A total of 201 patients were studied consisting of ninety-four (94) patients with cytopenia and 107 with no cytopenia. Among the entire population, males were 52, and 42% were aged 36-50 years. Sex, age, marital status, occupation and education level were similar between the cytopenia and no cytopenia groups. Among the 201 patients, 70% had symptoms for > 12 months before diagnosis, 78.6% had B symptoms at baseline, 80% had a moderate splenomegaly at baseline. Among patients with cytopenia, 40 and 37.4% developed cytopenia within 3 months and 3-6 months respectively after imatinib initiation.

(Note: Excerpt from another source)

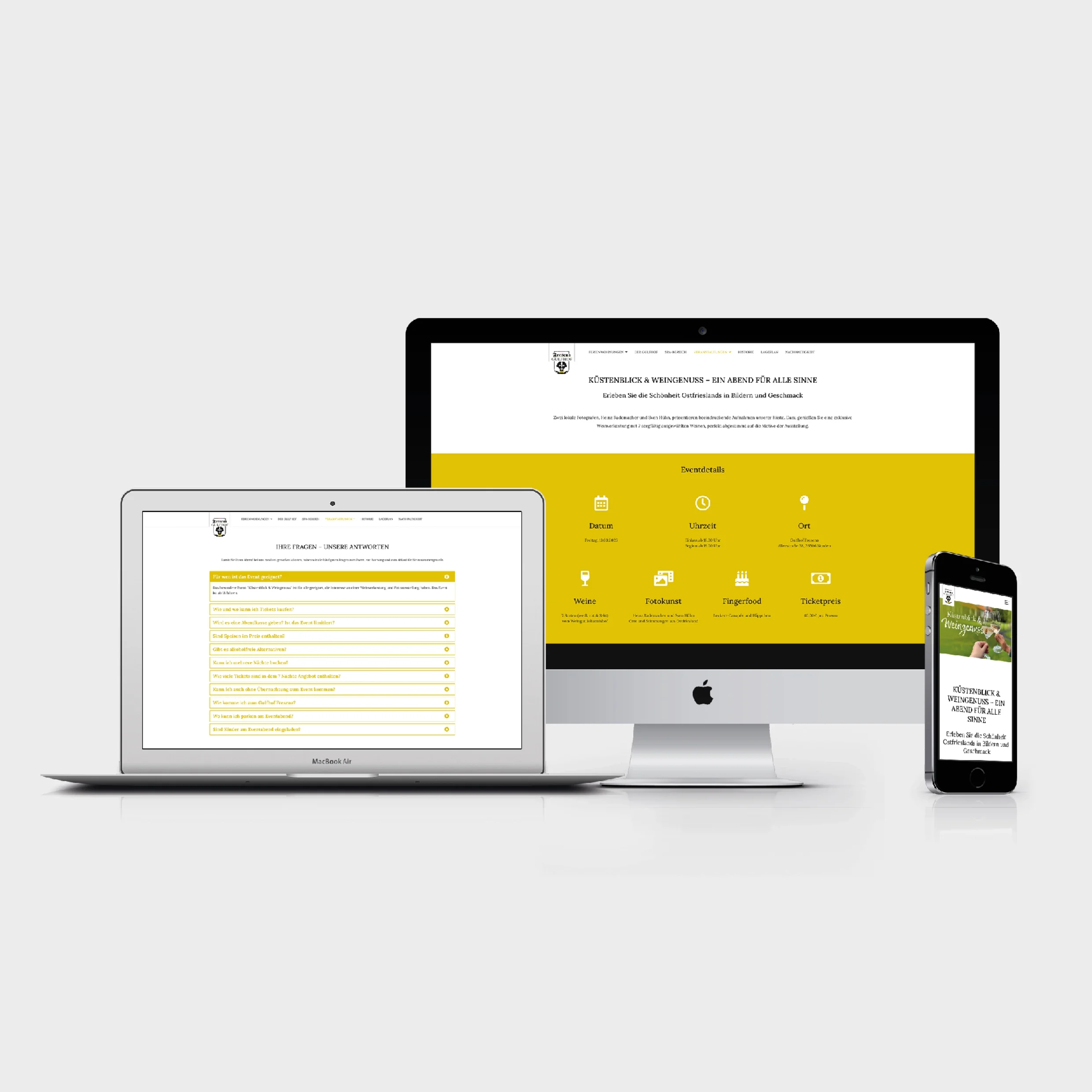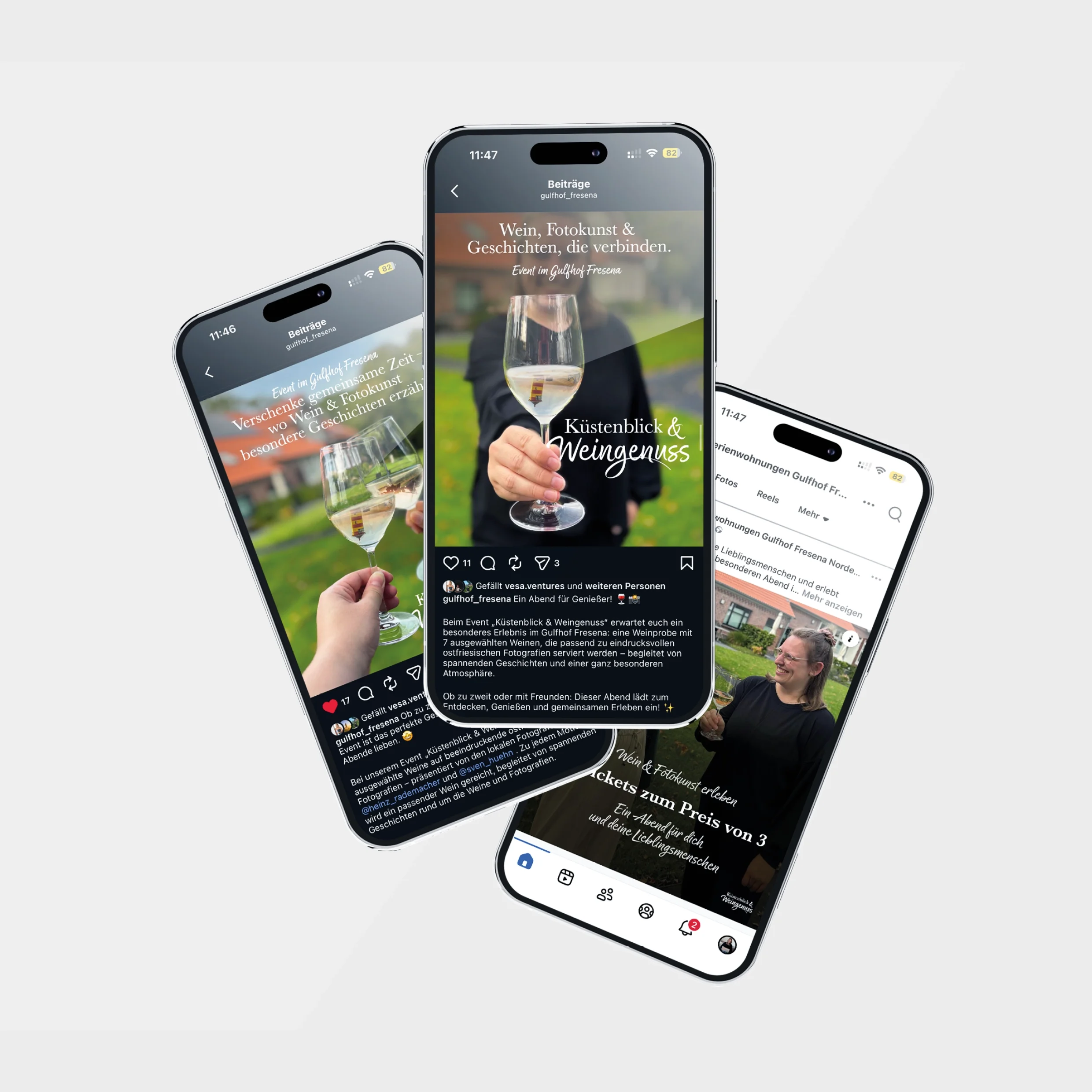 Zentrales Element war das Keyvisual: In einem Bild habe ich den Veranstaltungsort (Gulfhof Fresena), die Weinprobe (durchgeführt von Weingut Johannishof Lunkenheimer) und die Fotoausstellung (mit großartigen Bildmotiven der Fotografen Heinz Rademacher und Sven Hühn) miteinander kombiniert, sodass das Konzept des Events auf einen Blick erlebbar wurde. Darauf aufbauend habe ich sämtliche Medien gestaltet – von der Event-Landingpage, Grafiken für die Ferienwohnungsseiten und Social Media bis hin zu Printprodukten wie Flyer, Plakate, Tickets und die Broschüre. Auch die Organisation, Planung und Durchführung des Events habe ich begleitet.

Baseline neutrophilia, neutropenia, anaemia, thrombocytosis, thrombocytopenia was found in 68, 11, 11, 23.5 and 11% respectively. Baseline hemoglobin, neutrophil and platelet level were significantly different between the cytopenia and the no cytopenia group. On univariable analysis, baseline anemia with hb < 7.9 g/dL (p = 0.002), neutropenia (p = 0.001), neutrophilia > 100,000/mm (p = 0.002) and thrombocytopenia (p = 0.001) increased the odds of developing cytopenia. On multivariable analysis, baseline anaemia (p value < 0.002), neutropenia (p value < 0.001), thrombocytopenia (p value, < 0.001) and thrombocytosis (p value, 0.033) increased the odds of developing cytopenia.

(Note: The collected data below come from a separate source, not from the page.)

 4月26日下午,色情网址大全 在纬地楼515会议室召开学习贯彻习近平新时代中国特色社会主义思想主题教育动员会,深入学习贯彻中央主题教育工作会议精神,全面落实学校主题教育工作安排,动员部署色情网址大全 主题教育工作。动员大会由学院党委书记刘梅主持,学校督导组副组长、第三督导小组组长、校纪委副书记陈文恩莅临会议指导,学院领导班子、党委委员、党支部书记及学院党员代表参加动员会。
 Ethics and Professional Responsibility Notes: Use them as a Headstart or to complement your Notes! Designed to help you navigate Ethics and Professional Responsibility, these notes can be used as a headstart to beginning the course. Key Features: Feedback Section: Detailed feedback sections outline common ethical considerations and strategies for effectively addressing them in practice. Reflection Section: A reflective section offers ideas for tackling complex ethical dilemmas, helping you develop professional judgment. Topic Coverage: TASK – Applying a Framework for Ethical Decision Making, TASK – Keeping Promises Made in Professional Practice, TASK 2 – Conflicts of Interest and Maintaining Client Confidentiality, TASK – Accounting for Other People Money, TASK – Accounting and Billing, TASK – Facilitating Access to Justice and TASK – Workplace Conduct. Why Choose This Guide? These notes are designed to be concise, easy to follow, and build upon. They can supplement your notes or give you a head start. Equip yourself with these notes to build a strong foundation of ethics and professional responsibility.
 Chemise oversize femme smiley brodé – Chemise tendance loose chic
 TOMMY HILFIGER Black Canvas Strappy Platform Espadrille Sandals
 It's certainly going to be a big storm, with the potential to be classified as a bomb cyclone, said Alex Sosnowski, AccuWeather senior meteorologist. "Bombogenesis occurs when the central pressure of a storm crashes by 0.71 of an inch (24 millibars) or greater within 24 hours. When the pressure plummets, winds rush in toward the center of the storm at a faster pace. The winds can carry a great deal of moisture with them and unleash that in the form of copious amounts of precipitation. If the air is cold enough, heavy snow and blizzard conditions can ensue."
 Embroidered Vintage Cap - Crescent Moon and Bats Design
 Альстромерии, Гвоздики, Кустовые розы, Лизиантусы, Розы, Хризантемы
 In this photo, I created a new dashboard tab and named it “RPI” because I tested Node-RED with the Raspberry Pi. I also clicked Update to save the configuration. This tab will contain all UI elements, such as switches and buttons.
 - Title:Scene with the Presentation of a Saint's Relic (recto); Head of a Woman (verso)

Odds of cytopenia were higher in presence of baseline cytopenia and thrombocytosis. Clinicians should have a high index of suspicion for these patients.
伊马替尼是治疗费城阳性慢性髓性白血病(CML)所有阶段的金标准。在治疗过程中,患者可能会出现细胞减少症。我们旨在研究内罗毕医院的基线特征和与细胞减少症相关的因素。

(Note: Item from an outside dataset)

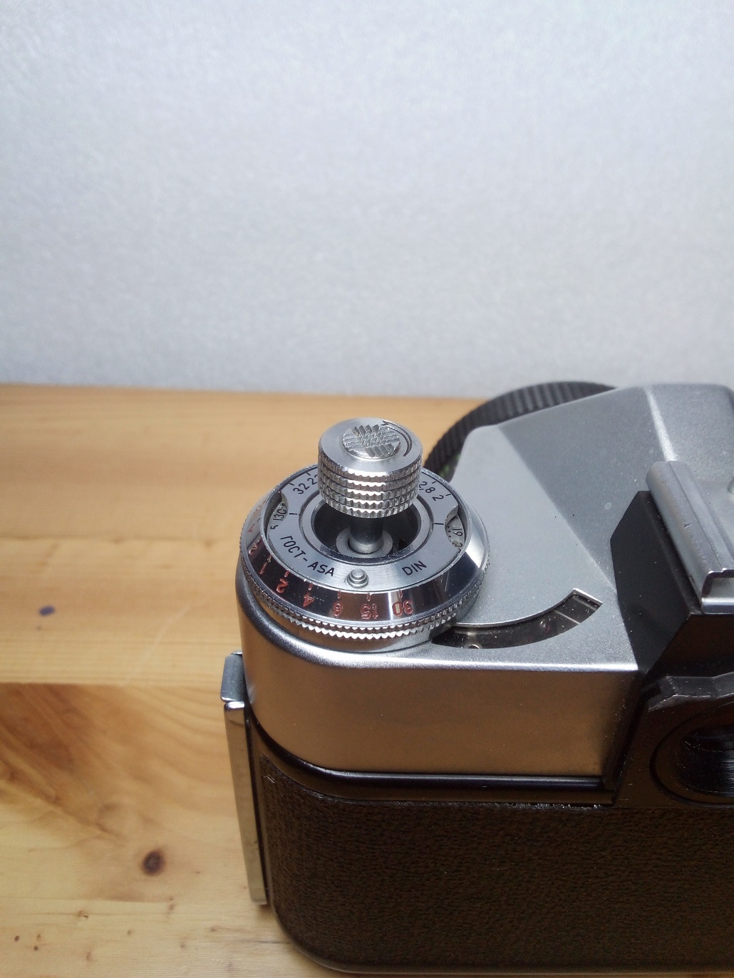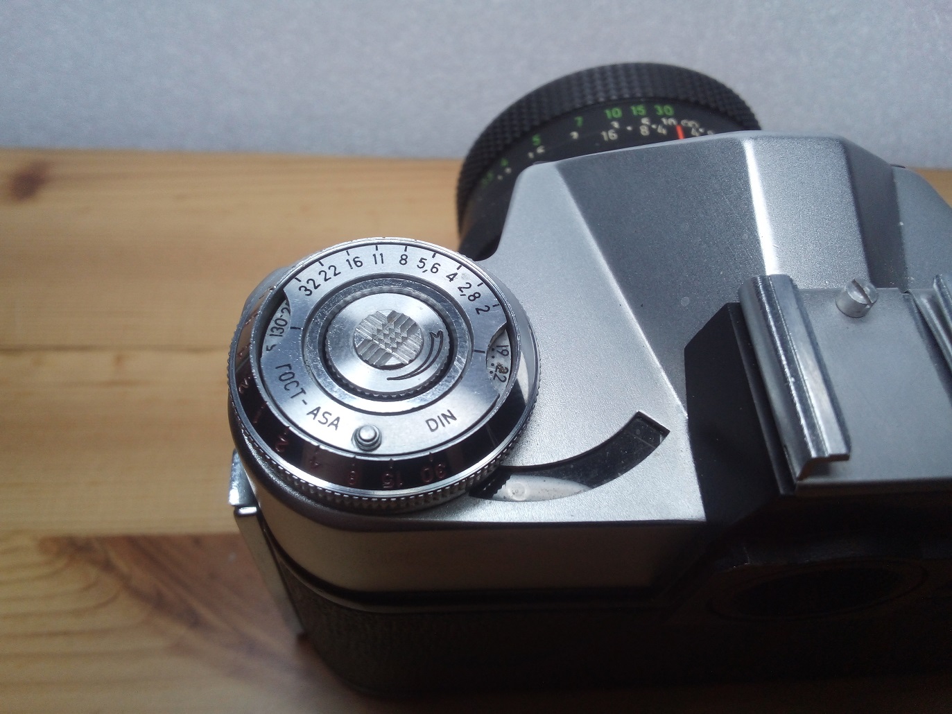 Die Zenit-E verfügt über einen Selenzellen gestützten Belichtungsmesser (bei dieser Kamera leider ohne Funktion). Hat man mit der oberen Scheibe auf der linken Seite die korrekte Filmempfindlichkeit eingestellt (DIN oder GOST / ASA) ist mit dem darunterliegenden Rändelrad eine Kelle mit dem Zeigerausschlag im Sichtfenster in Deckung zu bringen.
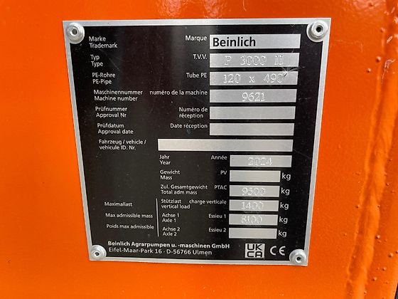 | Nieuwe Primus 3000 II met: – PE-slang 490 meter, 120 mm, constante wandsterkte – 108 mm aansluiting – hydraulische steunpoot – hysraulische stutten – hydraulische lift – hydraulische draaikrans – luchtgeremde as – banden 19.0/45 – 17 – verkeersverlichting – inclusief NL-kenteken |

这是一项回顾性病例对照研究,纳入了 2007 年至 2015 年期间在 Glivec 国际患者准入计划(GIPAP)诊所接受随访的年龄≥18 岁的患者。病例组为接受伊马替尼治疗且出现细胞减少症的 CML 患者。对照组为接受伊马替尼治疗且未发生细胞减少症的 CML 患者。从患者档案中检索基线社会人口统计学、临床、血液学和分子数据。使用卡方检验或 Fisher 精确检验分析细胞减少症与无细胞减少症之间的差异。采用二元逻辑回归分析确定关系。进行单变量和多变量分析,以确定细胞减少症的独立预测因素。给出了优势比(OR),包括 95%置信区间和相应的 P 值。
共研究了 201 名患者,其中 94 名患者出现细胞减少症,107 名患者无细胞减少症。在整个人群中,男性为 52 人,42%年龄在 36-50 岁之间。细胞减少症和无细胞减少症组之间的性别、年龄、婚姻状况、职业和教育水平相似。在 201 名患者中,70%在诊断前有>12 个月的症状,78.6%在基线时有 B 症状,80%在基线时有中度脾肿大。在出现细胞减少症的患者中,分别有 40%和 37.4%在伊马替尼治疗开始后 3 个月和 3-6 个月内出现细胞减少症。基线中性粒细胞增多、中性粒细胞减少症、贫血、血小板增多、血小板减少症分别为 68%、11%、11%、23.5%和 11%。细胞减少症组和无细胞减少症组之间的基线血红蛋白、中性粒细胞和血小板水平存在显著差异。单变量分析显示,基线贫血伴 Hb<7.9 g/dL(p=0.002)、中性粒细胞减少症(p=0.001)、中性粒细胞>100,000/mm(p=0.002)和血小板减少症(p=0.001)增加了发生细胞减少症的几率。多变量分析显示,基线贫血(p 值<0.002)、中性粒细胞减少症(p 值<0.001)、血小板减少症(p 值<0.001)和血小板增多症(p 值=0.033)增加了发生细胞减少症的几率。
基线时存在细胞减少症和血小板增多症的患者发生细胞减少症的几率更高。临床医生应高度怀疑这些患者。